(Input data)
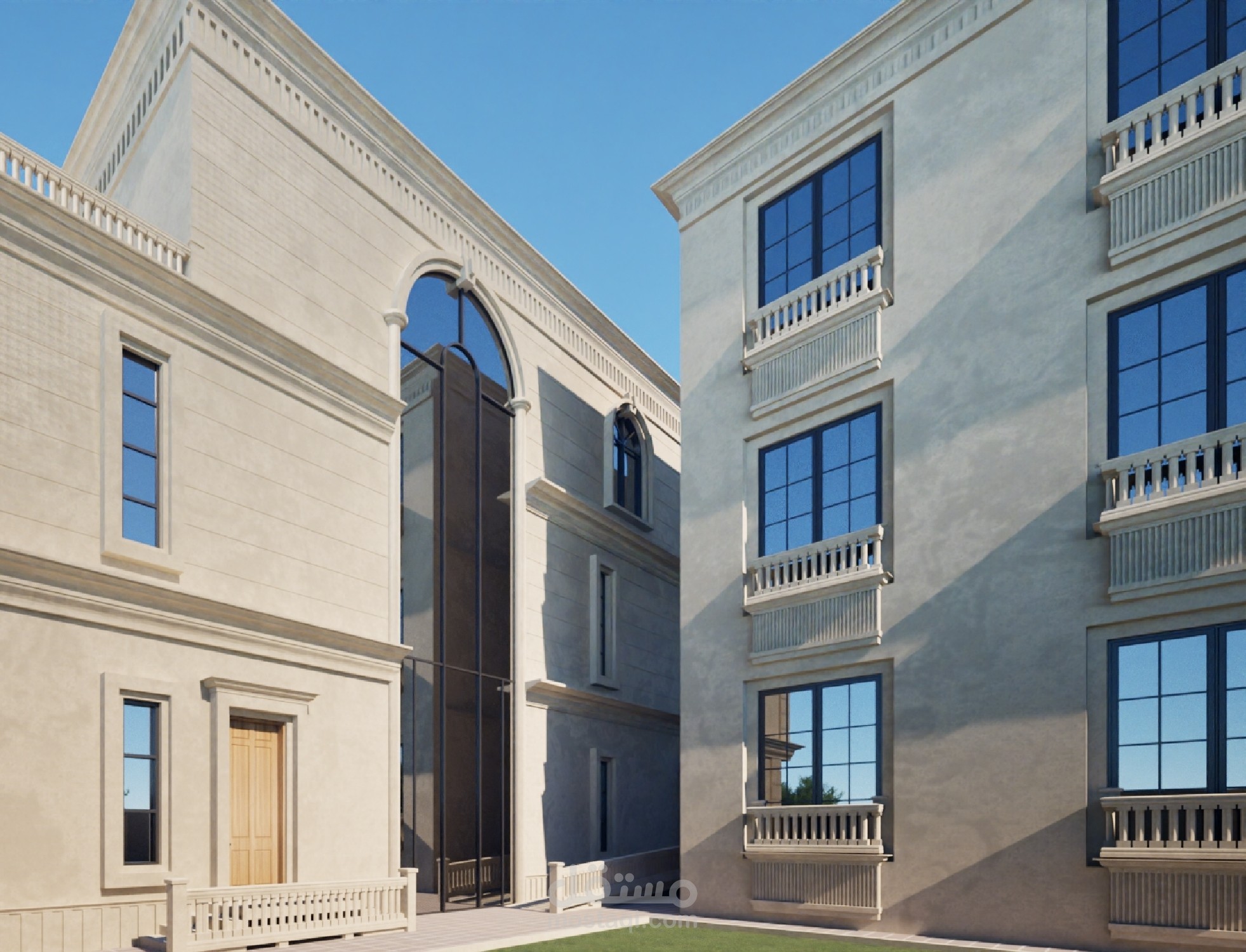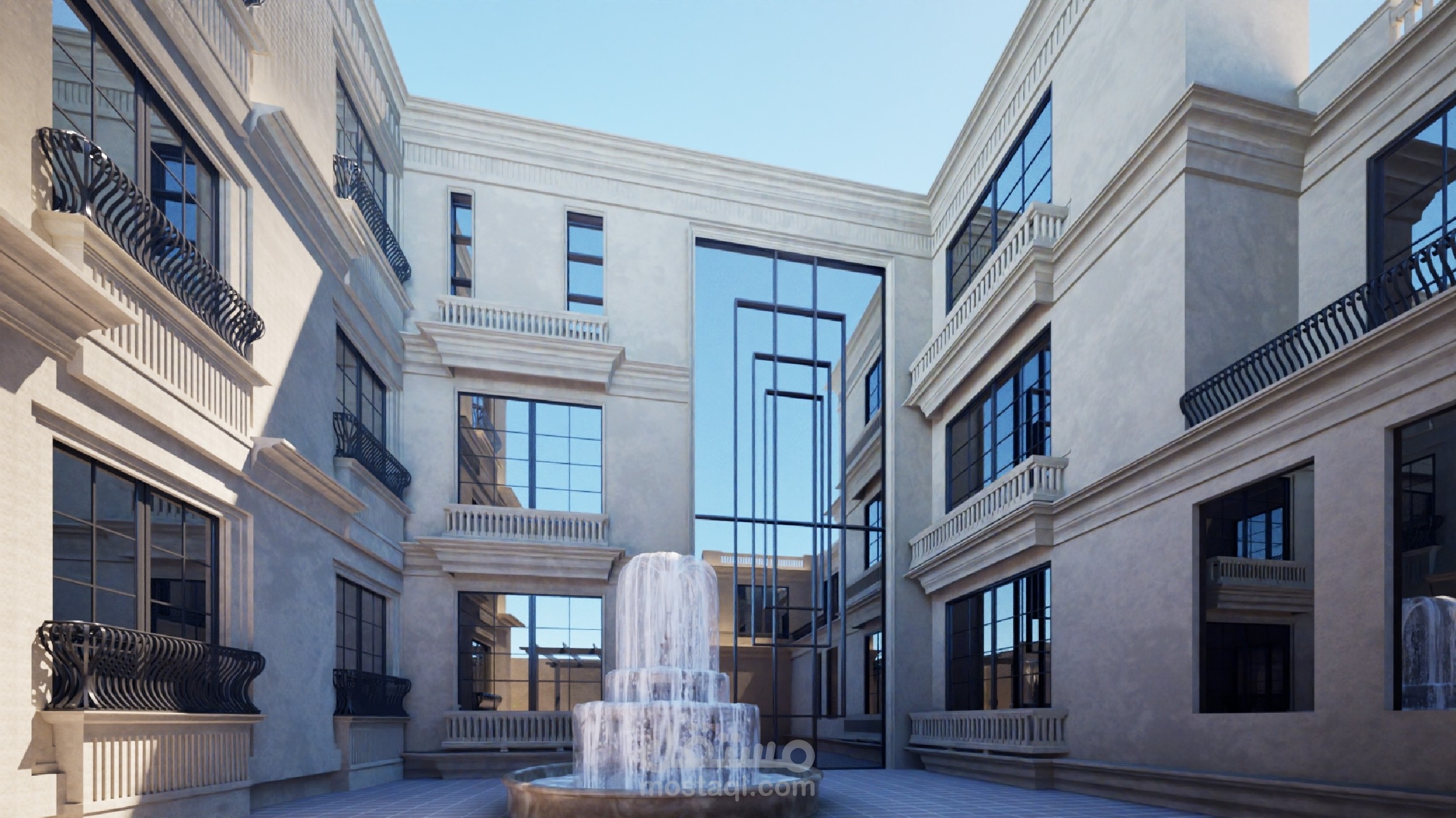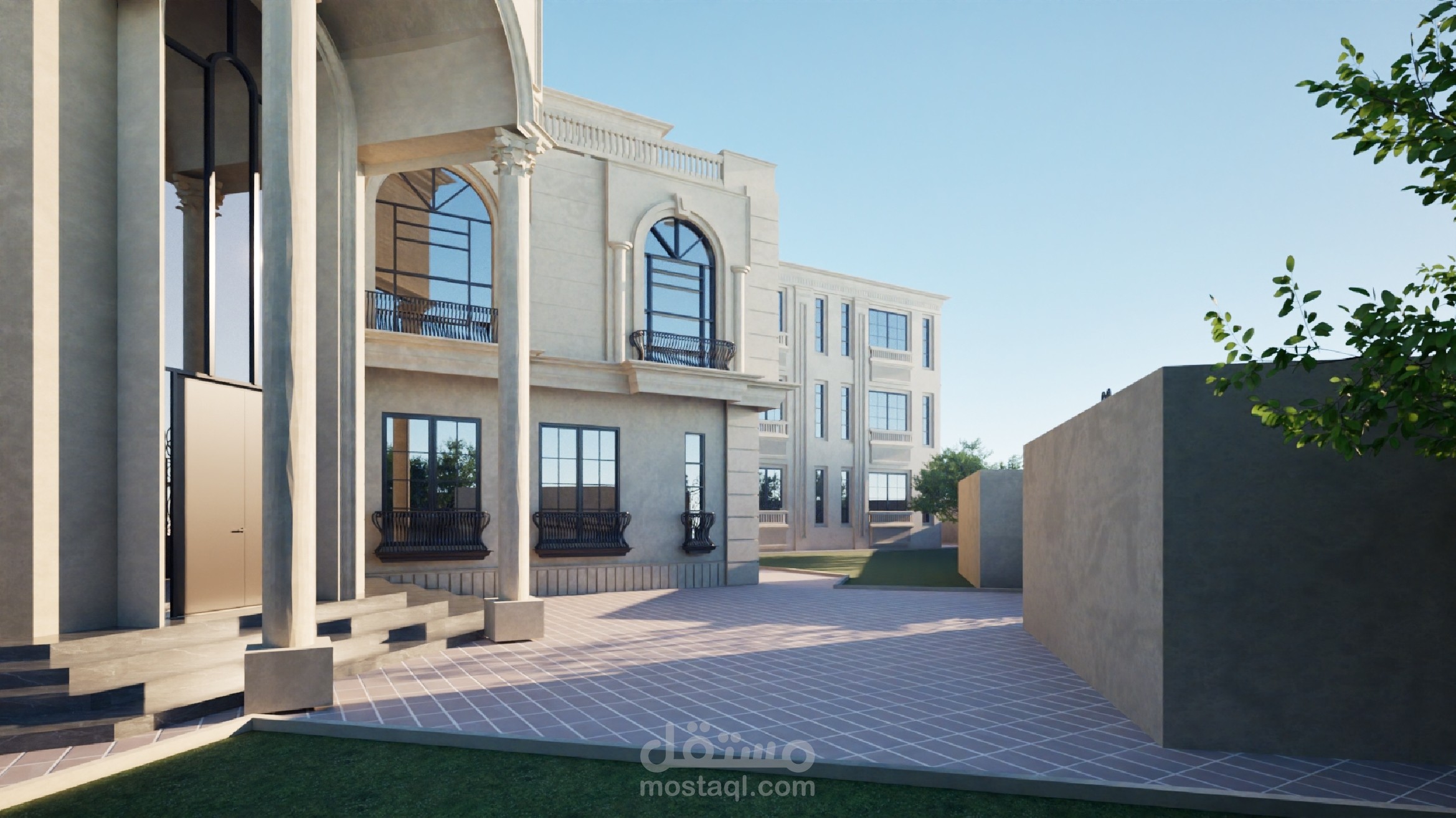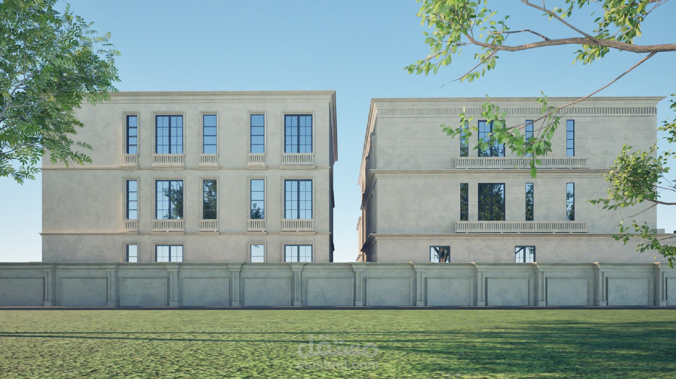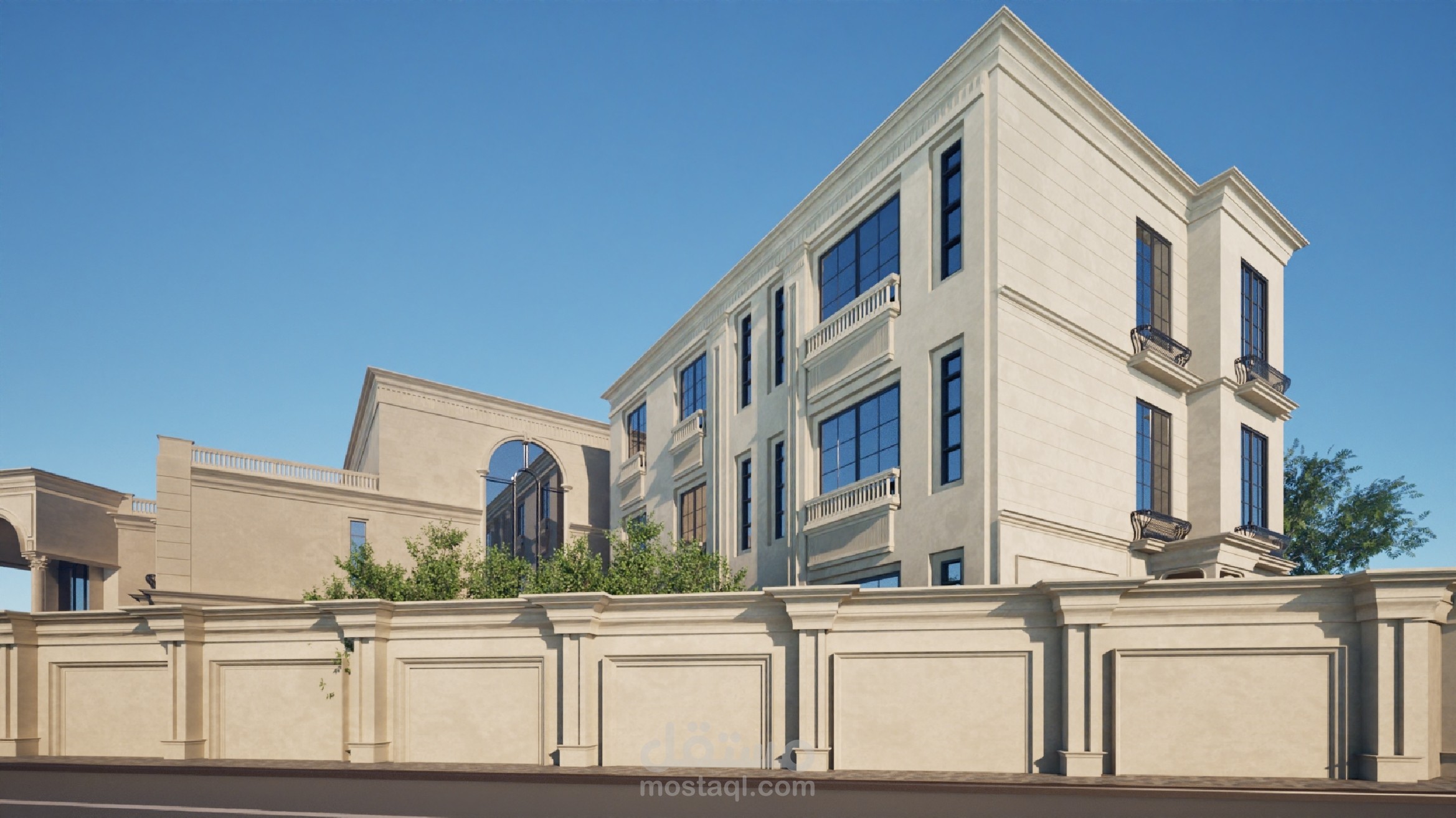 تصميم راقٍ يجمع بين الفخامة الكلاسيكية والحداثة المعمارية، يتكوّن المشروع من مبنيين متصلين بتناغم بصري ووظيفي يعكسان روح النمط النيو كلاسيك. تم التركيز على التناسب بين الكتل والفراغات مع واجهات أنيقة تعتمد على الأعمدة والزخارف الكلاسيكية المبسطة، مع توزيع إنارة يبرز التفاصيل المعمارية والملمس الحجري. التصميم الداخلي يجمع بين الهدوء والفخامة بخطوط ناعمة وألوان متوازنة، ليمنح إحساسًا بالفخامة العصرية والراحة السكنية في آنٍ واحد.
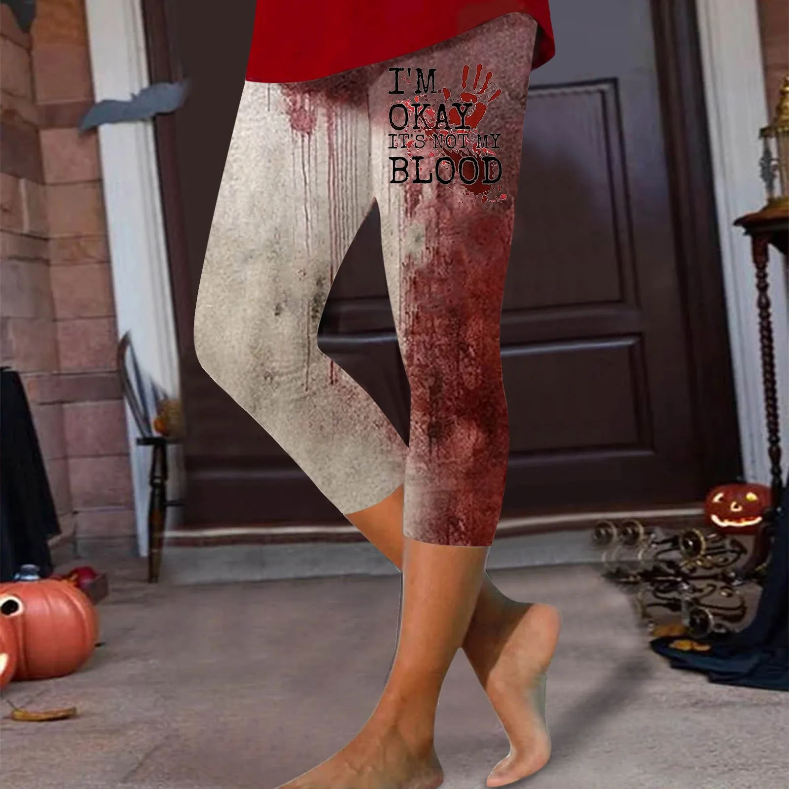 Women's Halloween Bloodstain Print Slim Fit Yoga Pants Leggings Polyester Pants plus Size Leggings for Women Cotton Soft
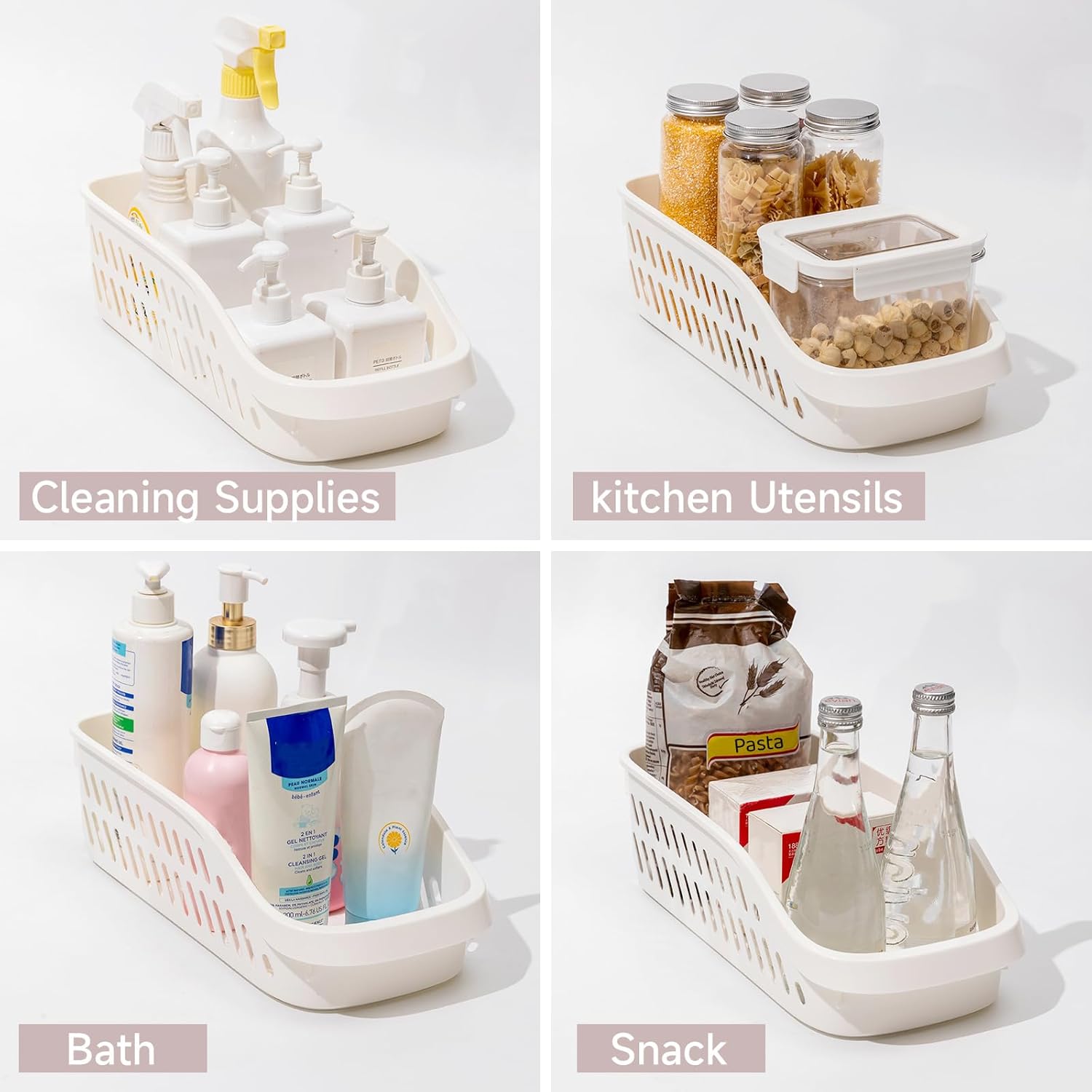 - QUALITY MATERIAL: The under cabinet organizer is made of high quality shatterproof plastic with no odor. The plastic baskets for storage are flexible and easy to clean, and the soft cream color highlights the texture.

(What you will do) In transcribing the listing, keep each word as it is and drop the pictures.

(Response below)
 تصميم راقٍ يجمع بين الفخامة الكلاسيكية والحداثة المعمارية، يتكوّن المشروع من مبنيين متصلين بتناغم بصري ووظيفي يعكسان روح النمط النيو كلاسيك. تم التركيز على التناسب بين الكتل والفراغات مع واجهات أنيقة تعتمد على الأعمدة والزخارف الكلاسيكية المبسطة، مع توزيع إنارة يبرز التفاصيل المعمارية والملمس الحجري. التصميم الداخلي يجمع بين الهدوء والفخامة بخطوط ناعمة وألوان متوازنة، ليمنح إحساسًا بالفخامة العصرية والراحة السكنية في آنٍ واحد.
 Women's Halloween Bloodstain Print Slim Fit Yoga Pants Leggings Polyester Pants plus Size Leggings for Women Cotton Soft
 - QUALITY MATERIAL: The under cabinet organizer is made of high quality shatterproof plastic with no odor. The plastic baskets for storage are flexible and easy to clean, and the soft cream color highlights the texture.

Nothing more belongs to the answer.